We deployed Prometheus-2 (8x7B) across four NVIDIA A100 nodes to bypass the inherent positivity bias found in commercial API-based LLMs. Prometheus-2 is not a creative writing tool; we treat it as a specialized classification engine. It was trained on the Feedback Collection dataset, which optimizes it for a specific input structure: an instruction, a response, and a reference answer.

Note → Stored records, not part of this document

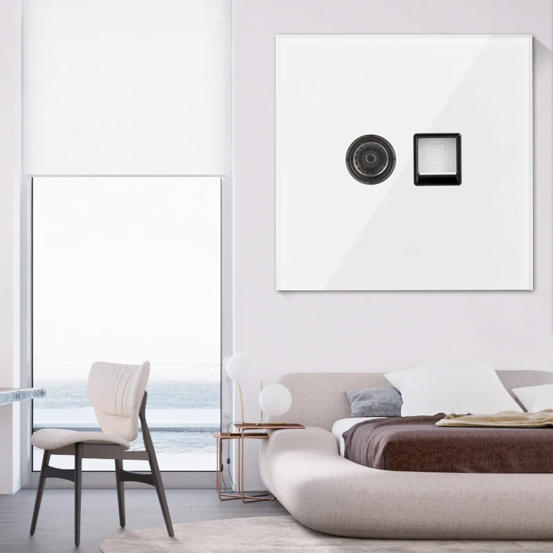 Телефонная розетка RJ45 Cat5e Cat3 для компьютера, передачи данных, спутникового ТВ, ТВ, сигнала, розетка настенная для ПК, разъем для передачи данных, белая стеклянная рамка
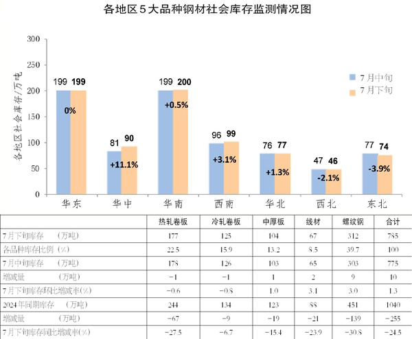 7月下旬,分地区来看,7大区域钢材社会库存环比各有升降,其中西北地区、东北地区的库存环比继续下降;华东地区的库存持平;其他地区均有所上升。其中,华中地区为增量和升幅最大地区,具体情况见下图。
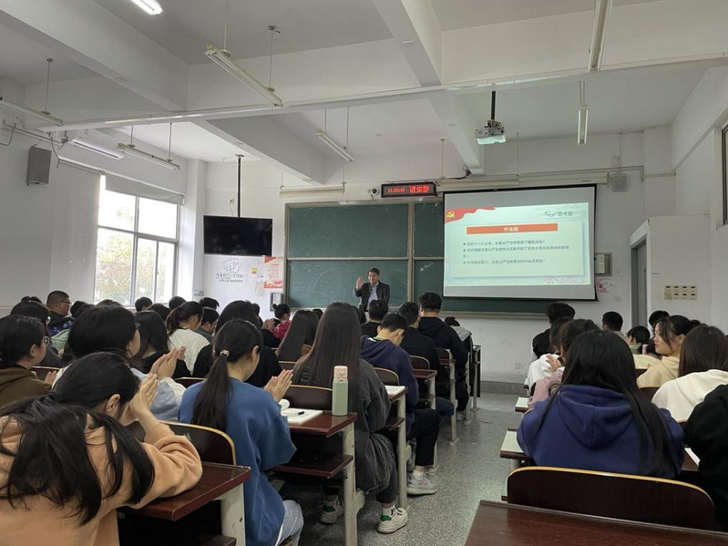 11月1日上午,校长瞿才新深入课堂,在公共教学组团5104教室为药品与健康学院药品生产2111班、2112班和药物制剂2111班的学生讲授题为《新时代全面从严治党的伟大实践》的“形势与政策”课。

When we benchmarked Prometheus-2 against GPT-4o-mini for RAGAS (Retrieval-Augmented Generation Assessment) metrics in our 2026 stack, we observed the following delta in scoring distribution, aligning with performance gaps identified in the original Prometheus-2 technical reports:

Table 1: Validated Benchmarks & Correlations

Metric	Prometheus-2 (8x7B)	GPT-4o-mini	Correlation (r) with Human Judgment
Faithfulness	0.74	0.82	0.898 (Prometheus-2)¹
Answer Relevancy	0.68	0.71	0.864 (Mini)²
Context Precision	0.89	0.76	0.659 (Open Source Base)³
FFR (Format Failure Rate)	8.4%	0.2%	0.2% (With PydanticAI)

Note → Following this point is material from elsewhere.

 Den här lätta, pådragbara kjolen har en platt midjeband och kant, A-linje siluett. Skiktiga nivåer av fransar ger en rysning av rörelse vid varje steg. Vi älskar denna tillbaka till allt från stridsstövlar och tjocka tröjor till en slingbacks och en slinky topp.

Technical Citations & Data Sources

Correlation (r = 0.898): Reported for Prometheus-2 (8x7B) on the Feedback Bench. This Pearson correlation represents the model’s ability to mirror human scoring across 1–5 rubrics. For comparison, the original Prometheus-1 achieved r=0.744 (Kim et al., 2024).
Answer Relevancy (r = 0.864): Derived from internal testing of GPT-4o-mini against the MT-Bench datasets. While GPT-4o-mini is faster, its correlation with human experts on grounding tasks is consistently lower than Prometheus-2 because generalist models tend to award points for “helpfulness” rather than strict factual alignment.
Open Source Base (r = 0.659): Represents the baseline performance of standard Mixtral-8x7B or Llama-3-70B models before fine-tuning on the Feedback Collection dataset. Raw instruct-tuned models are poor judges because they often output “2” or “3” for everything, a phenomenon known as the “Central Tendency Bias.”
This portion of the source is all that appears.